Poderíamos, caso meu ilustre fotógrafo não tivesse a infantil ideia de subtrair um colete salva-vidas inflável que residia sob os bancos dos Boeings de antigamente. Eu só fiquei sabendo do deslize quando já era tarde demais. Estávamos em solo, dentro do aeroporto, onde acontecia um tumulto inimaginável causado pela chegada simultânea do maior fenômeno pop da época, em outro voo. Milhares de mexicanas adolescentes ensandecidas aguardavam aos gritos e prantos por David Cassidy, o cantor loirinho e bonitinho do seriado televisivo Família Dó Ré Mi. Ao passarmos pelo rebuliço causado pelas jovens endemoniadas, chegamos ao balcão de imigração, a não recomendável “La Migra Cucaracha”, onde apontaram para nossas mochilas exigindo ver o que havia dentro delas. Tudo OK com a minha e abriram a do fotógrafo e a primeira coisa a sair lá de dentro é o colete salva-vidas com o timbre da Lanica. O sujeito gordo, de cabelo gosmento, bigode espetado e traje escuro perguntou: “que es esto?” Eu espantado repeti a pergunta e meu ilustre colega se entregou dizendo que subtraiu do avião. Vai sair caro.

Fui obrigado a sair da sala enquanto pensava numa maneira de livrar o amigo daquele enrosco, pois nenhum de nós carregava dinheiro pra aliviar a encrenca. Antes de sair notei que do outro lado da sala havia uma porta para o saguão de saída do aeroporto. De volta ao tumulto assustador, reparo que David Cassidy vem chegando com 2 seguranças que estavam prestes a serem esmagados pelas milhares de tietes loucas pra dar uns pegas no popstar. O olhar transtornado dele e dos guarda-costas era de puro pavor. Pensei rápido e agi de uma vez só para salvar a pele do ídolo e livrar nosso repórter do apuro com “la migra”. Abracei o loirinho, olhei para os seguranças e gritei: “venham comigo; sei de um caminho que vai salvar vocês”. Dei um pé na porta da sala de onde havia sido expulso momentos antes e sob o olhar espantado dos agentes de “la migra” adentrei com o americano de olhos azuis debaixo do braço e aquele dois armários por trás.

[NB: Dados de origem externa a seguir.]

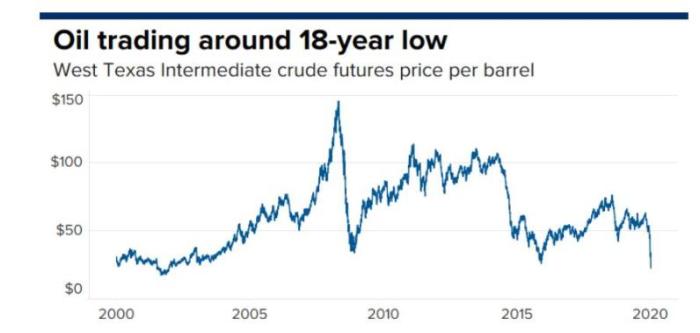 中新网客户端北京3月19日电 (张旭)新冠肺炎疫情持续抑制原油需求,加上投资者对全球经济衰退的担忧加剧。3月18日,国际油价继续暴跌,美国WTI原油期货收跌16.25%报22.89美元/桶,创近18年新低,盘中一度暴跌25%,跌近20美元/桶。布伦特原油期货收跌7.27%,报28.2美元/桶,盘中一度跌超13%,创2003年5月以来新低。本月,WTI和布伦特原油期货价格已累计跌超46%。高盛下调了第二季度油价预期,认为WTI和布伦特原油期货价格将降至平均20美元/桶。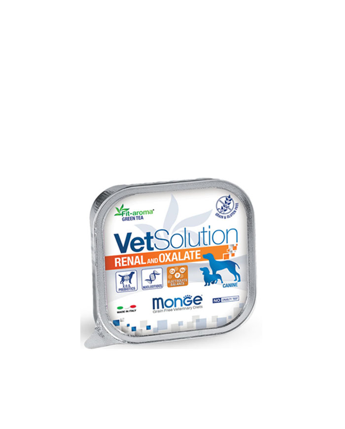 Pašteta za pse brenda Monge. Monge Renal/Oxalate je kompletna dijetetska hrana za pse formulisana za podršku bubrežne funkcije u slučaju hronične ili privremene bubrežne insuficijencije. Takođe je formulisana za smanjenje formiranja oksalatnih kamenaca. Sadrži koncentrat soka od dinje za neutralizaciju slobodnih radikala i zeleni čaj za podršku radu bubrega.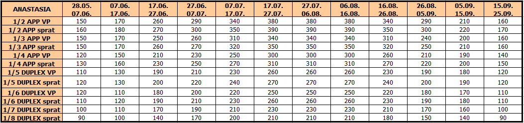 Cene su izražene u evrima po osobi za 10 noćenja sa uračunatim autobuskim prevozom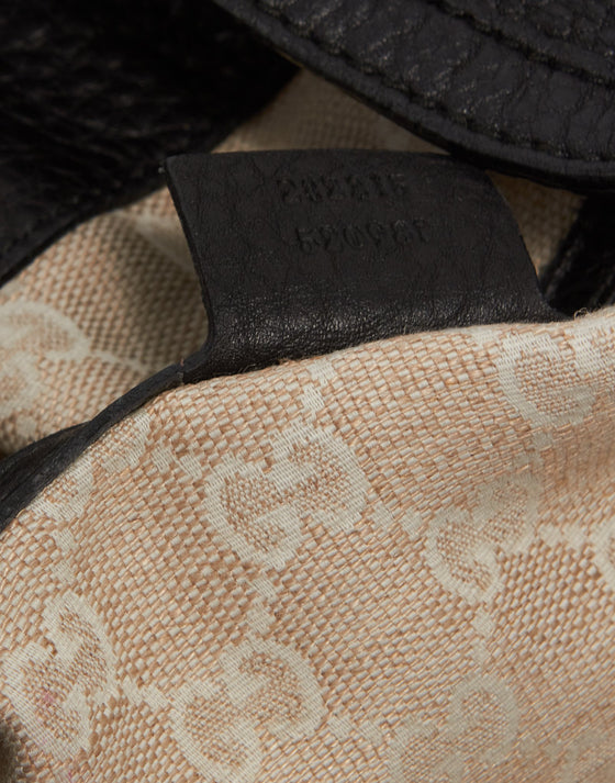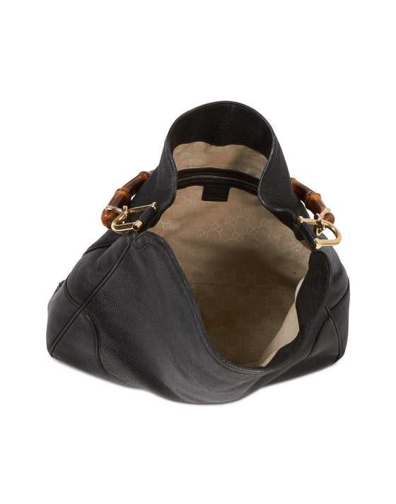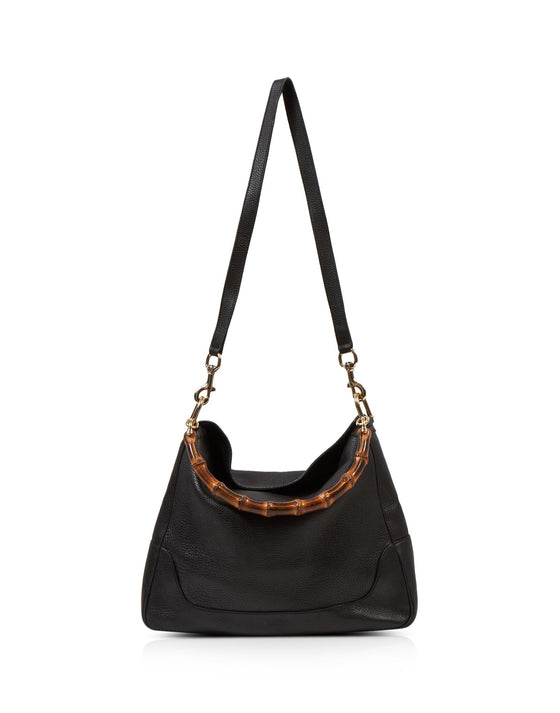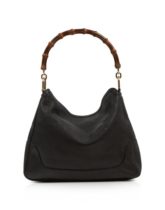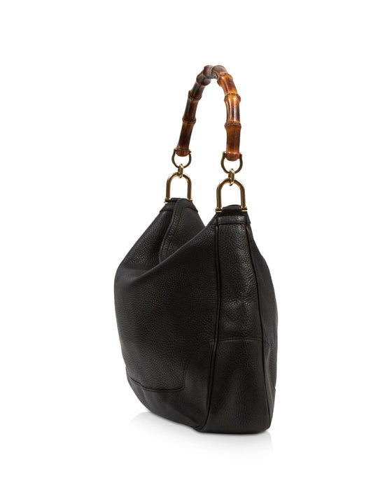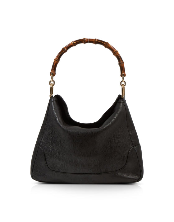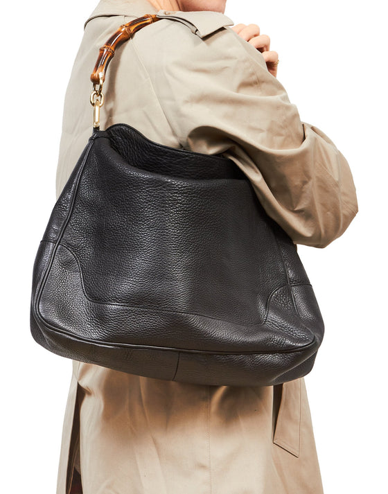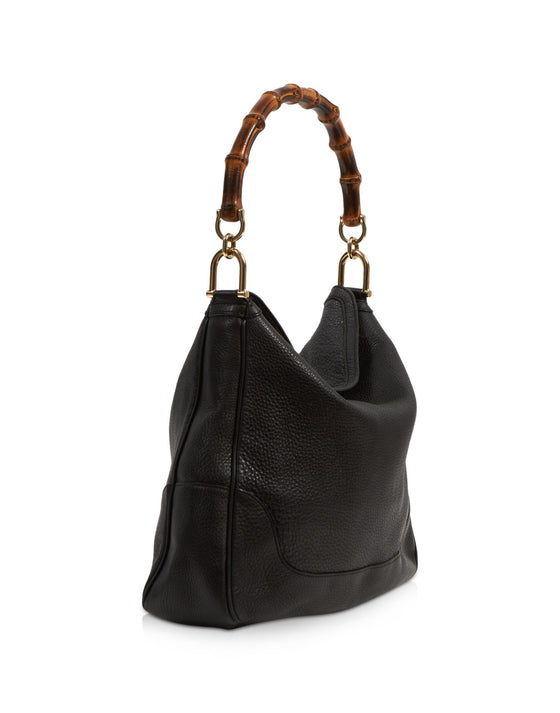 Black Pebbled Leather Diana Bamboo Shoulder Bag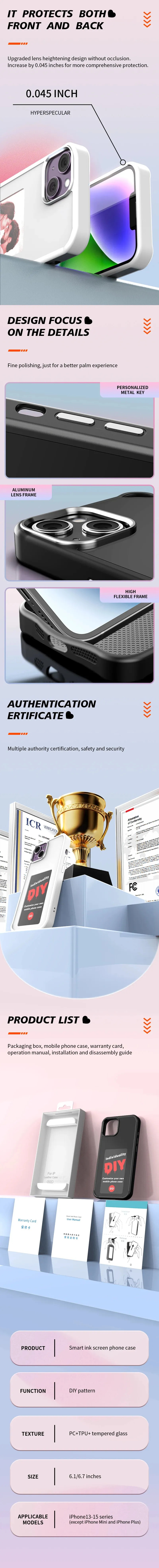 The E-ink Screen Phone Case is a cutting-edge accessory that combines innovative design with luxury and functionality. This personalized phone cover features a dynamic E-ink screen that allows for unlimited screen projection, displaying customizable images, designs, or messages on the back of your phone. With no need for batteries, the case utilizes the energy from your phone, offering a sleek, battery-free solution. Perfect for those who love tech-forward gadgets, this designer phone case not only protects your device but also offers a personal touch with an elegant, futuristic style.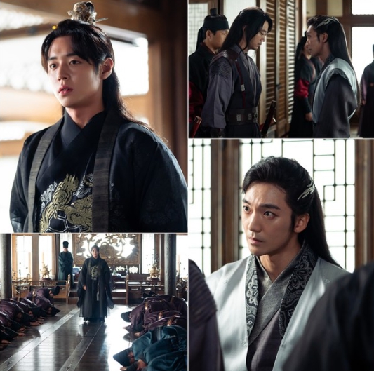 특히 편전 입구에서 왕의 호위무사 지전서(한은성 분)에게 가로막힌 사조 융의 모습이 눈길을 끈다. 그는 자신의 앞을 막아선 이들을 살기 어린 눈빛으로 바라보지만, 지전서 역시 흔들림 없이 왕의 명령을 수행하고 있어 긴장감을 더한다.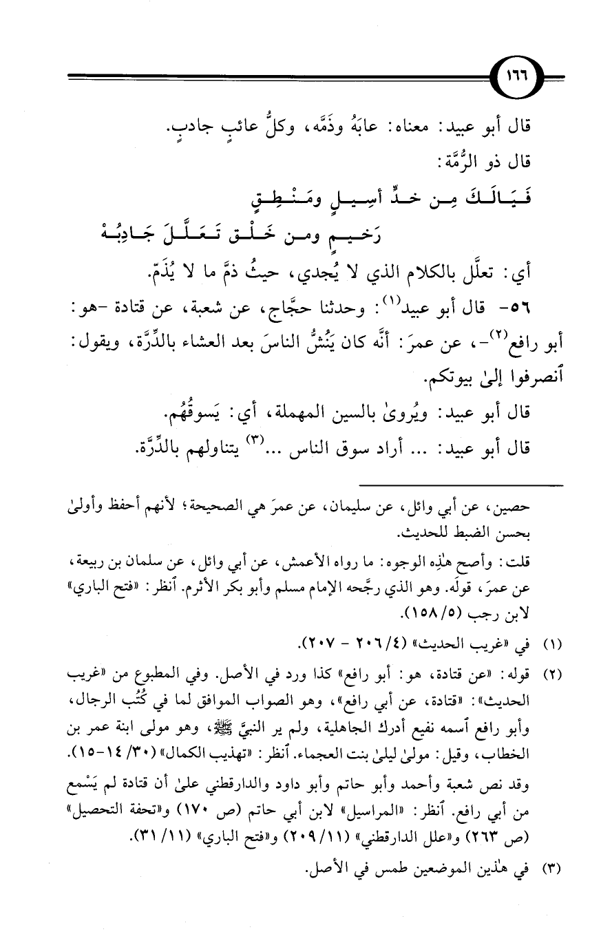 (56) قال أبو عبيد (¬1): وحدثنا حجَّاج، عن شعبة، عن قتادة -هو: أبو رافع (¬2) -، عن عمرَ: أنَّه كان يَنُشُّ الناسَ بعد العشاء بالدِّرَّة، ويقول: انصرفوا إلى بيوتكم.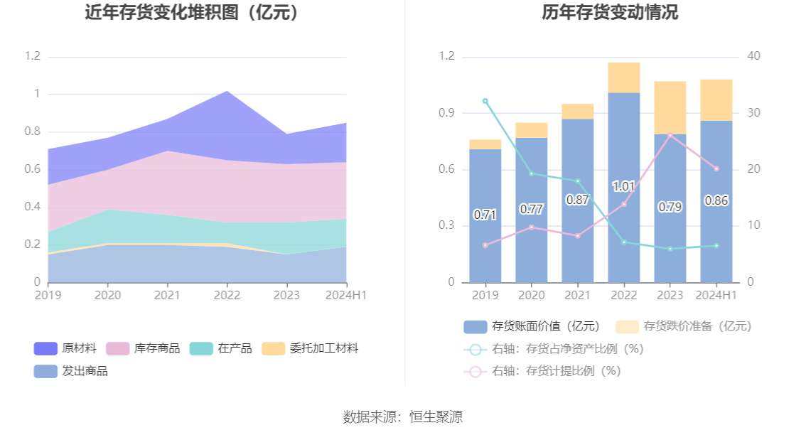 从存货变动来看,截至2024年上半年末,公司存货账面价值为8579.32万元,占净资产的6.55%,较上年末增加667.69万元。其中,存货跌价准备为2173.2万元,计提比例为20.21%。
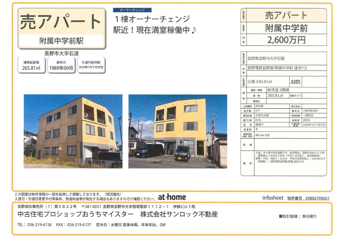 長野電鉄:桐原駅~徒歩10分、附属中学前~徒歩7分の好立地!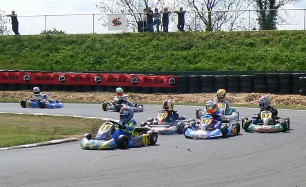 winner after 11 laps. Sunday June 7th ~ Sunday was to be dry all day.... in my second heat my grid position was 9th {as in Heat 1}. On the opening lap I made a bad start dropping down to 15th position and finished in a disappointing 11th position. In the Final 1 I started in 8th position and finished in 8th position. In Final 2, 4 karts came together in the chicane, I rejoined in about 25th position but drove through the field, gaining 3 positions on the last lap, to finish 7th! The results from this meeting have improved my Championship position ~ I'm now lying 8th in the Championship. In summary, a much better meeting for me, although there is always room for improvement and a bit more luck! |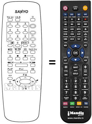 Remote control to replace the original and all its functions.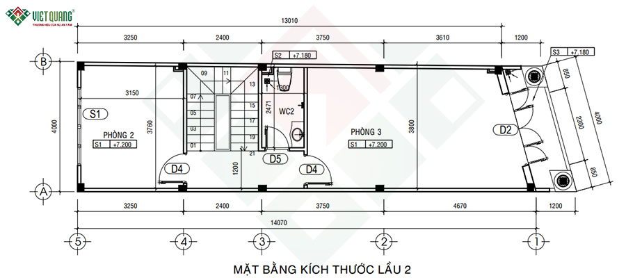 Dựa trên mặt bằng lầu 2 và lầu 3, công năng của ngôi nhà được bố trí khoa học, đáp ứng tối đa nhu cầu sinh hoạt của gia đình nhiều thế hệ. Ở lầu 2, không gian được chia thành hai phòng ngủ lớn nằm ở hai đầu nhà. Một phía trước và một phía sau đảm bảo sự riêng tư, yên tĩnh và thoáng khí nhờ hệ thống cửa sổ lấy sáng tự nhiên. Khu vực cầu thang và nhà vệ sinh WC2 được đặt ở trung tâm, giúp tối ưu diện tích và rút ngắn khoảng cách di chuyển cho mọi thành viên.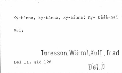//// Ky-bånna, ky-bånna, ky-bånna'. Ky- bååå-na'. Mel: //// Turesson,Wärml.KulT .Träd //// Del II, sid 126 r . . //// Del II ////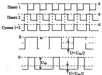 Сигнал в коде Манчестер-2 всегда имеет постоянную составляющую, равную половине размаха сигнала (если один из двух уровней сигнала нулевой). Однако в случае столкновения двух и более пакетов (коллизии) это правило выполняться не будет. Постоянная составляющая суммарного сигнала в сети будет обязательно больше или меньше половины размаха (рис. 6.9). Ведь пакеты всегда отличаются друг от друга и к тому же сдвинуты друг относительно друга во времени. Именно по выходу уровня постоянной составляющей за установленные пределы и определяет каждый сетевой адаптер наличие коллизии в сети.

Gritei aos federais que fechassem a porta e tentassem conter as milhares de fãs enquanto eu salvava nosso ídolo, qual retirei por aquela porta que dava saída para o saguão, evidentemente arrastando meu fotógrafo junto. Ao sairmos, fechei a porta, ordenei aos guarda-costas que não deixassem ninguém passar por ali, conduzi nosso artista a uma cabine telefônica no saguão antes que ele fosse reconhecido e pedi a ele que ligasse para seus contatos e NÃO saísse dali. Peguei o fotógrafo pelo braço e rapamos pra fora do aeroporto, quando pára um taxi a nossa frente e dele sai meu irmão, que me entrega uma chave e diz que havia esquecido de entregar no hostel, para onde eu devia voltar no mesmo taxi e usar a mesma chave de acesso, sem falar que ele havia ido embora, pois perderia o local, onde a fila de espera era grande. No caminho para a liberdade enchi meu prezado de colega de catiripapos corretivos, enquanto o motorista dava risadas. 

Meu irmão hoje vive em Cuba, onde é embaixador. O fotógrafo abandonou os riscos da reportagem e abriu aquele que é hoje um dos mais requisitados estúdios de imagens de São Paulo. E David Cassidy, a quem ajudei a escapar daquela vez, faleceu hoje.